Restriction mapping: Cutting with restriction endonucleases can be used to break large pieces of DNA into smaller fragments. If two restriction endonucleases are used, each fragment produced by the first enzyme is likely to be cut into smaller pieces by the second enzyme. Electrophoresis and comparison of mobilities of the resulting fragments with those of "markers" of known size (see figures 9.24 and 9.25) can be used to determine the relative sizes of the fragments. By reversing the order in which the cuts are made, overlapping fragments can be aligned to generate a complete restriction map of the original DNA. This is illustrated for circular DNA from human mitochondria in the textbook (boxed example 9.1). This process can be continued with additional enzymes, creating a restriction map containing the locations of cut sites for multiple enzymes. Figure 9.2 is an example of this, except that it is limited to cut sites that only occur once in the entire circular genome of the plasmid.
Sticky ends: In many (but not all) cases, the DNA strand is not cut at the center of the restriction site. Thus, for example, Eco RI cuts its GAATTC recognition site between the G and the first A on each of the DNA strands (G|AATTC).

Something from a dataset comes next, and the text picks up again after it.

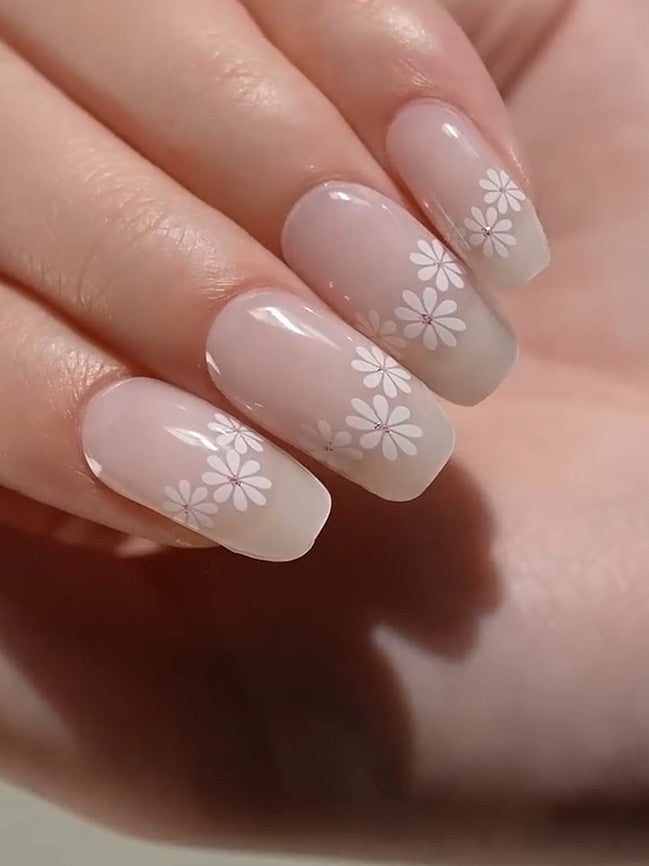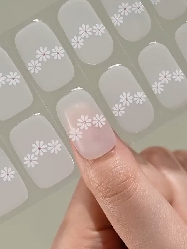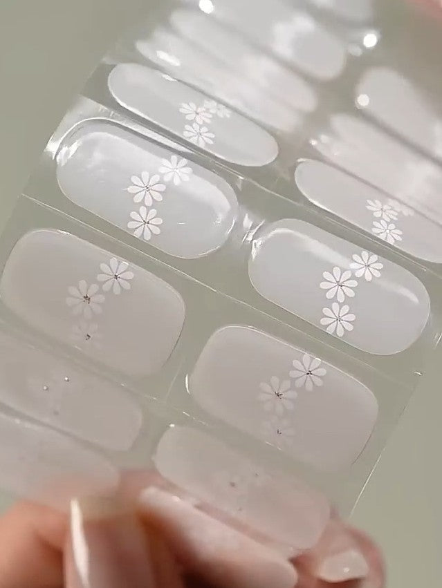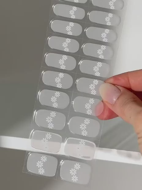 Jemný a elegantný dizajn s polotransparentným podkladom s motívom bielych kvetiniek.

This staggered cutting pattern leaves an overhanging segment of 4 base pairs AATT attached to the new 5' ends created by the cuts on each of the strands of all DNA fragments generated by Eco RI. These short unpaired segments are capable of forming transient double helical structures that can hold cut ends together long enough for DNA ligase to reseal them. If fragments cut from two different DNA molecules by the same restriction endonuclease are mixed, the ligation process will sometimes join the fragments in new combinations. For example, an isolated gene with sticky ends may be joined to the sticky ends of a circular plasmid that has been opened by a single cut with the same enzyme (figure 9.4). This will form a larger circular plasmid whose DNA sequence now includes the gene. As described in greater detail below, this is the basic process used to clone genes.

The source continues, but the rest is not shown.